When performing a survey where people can answer "yes/no" or "little/just fine/much", or "car/bicycle/bus" or some other categorical alternative, you cannot use linear regression. Then you need logistic regression instead. This is the topic in the second half of the course.
Least squares and maximum-likelihood-method; odds ratios; Multiple linear and logistic regression; Matrix formulation; Methods for model validation, residuals, outliers, influential observations, multi co-linearity, change of variables; Choice of regressors, F-test, likelihood-ratio-test; Confidence intervals and prediction. Introduction to: Correlated errors, Poisson regression as well as multinomial and ordinal logistic regression.
At least 60 ECTS at university level including an introductory course in mathematical statistics, e.g. MASA01 Matematical statistics, basic course, 15hp, or MASB02 Mathematical statistics (for chemists) 7.5hp, or MASB03 Mathematical statistics (for physicists) 9hp or MASB11 Biostatistics, basic course 7.5hp, or equivalent.
The teaching consists of lectures, computer exercises and project work. Attendance to the three exercises is compulsory. The examination is written and oral in the form of written reports for project 1 and 2, oral presentation of project 3 and individual oral examination.
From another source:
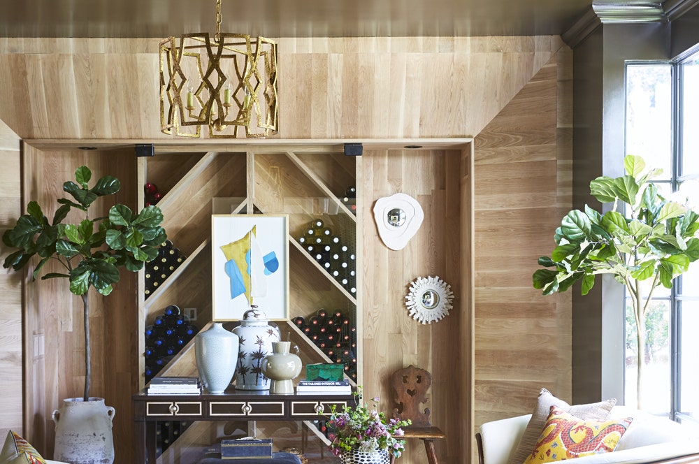 The best part of this grape escape? Stock the custom chevron shelves and you'll never have to leave the house for a great bottle of wine! The Venetian Gold finish of the Brittany Small Lantern by Niermann Weeks provides a sense of ancient luxury, perfect for curating a collected atmosphere in this white-oak paneled lounge.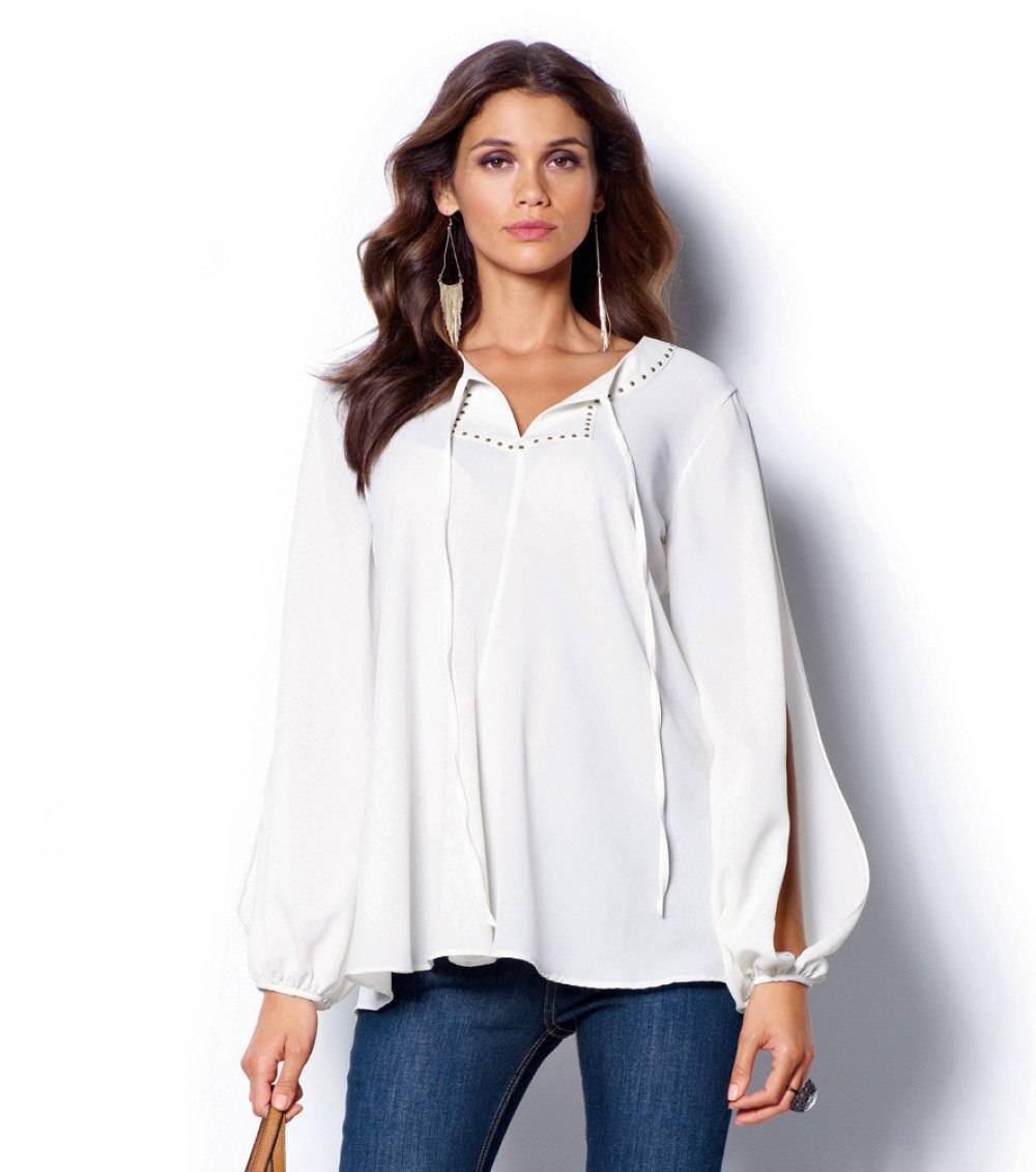 Текущий сезон наполнен большим разнообразием трендов. Сейчас в моде строгие рубашки, имитирующие мужские фасоны. Дизайнеры уравновесили излишнюю строгость обилием декоративных элементов.

Knowledge and understanding
For a passing grade the student must
- Describe the differences between continuous and discrete data, and the resulting consequences for the choice of statistical model
- Give an account of the principles behind different estimation principles,
- Describe the statistical properties of such estimates as appear in regression analysis,
- Interpret regression relations in terms of conditional distributions,
- Explain the concepts of odds and odds ratio, and describe their relation to probabilities and to logistic regression.
Skills and abilities
For a passing grade the student must
- Formulate a multiple linear regression model for a concrete problem,
- Formulate a multiple logistic regression model for a concrete problem,
- Estimate the parameters in the regression model and interpret them,
- Examine the validity of the model and make suitable modifications of the model,
- Use the model resulting for prediction,
- Use some statistical computer program for analysis of regression data, and interpret the results,
- Present the analysis and conclusions of a practical problem in a written report and an oral presentation.
Judgement and approach
For a passing grade the student must
- Always control the prerequisites before stating a regression model,
- Evaluate the plausibility of a performed study,
- Relect over the limitations of the chosen model and estimation method, as well as alternative solutions.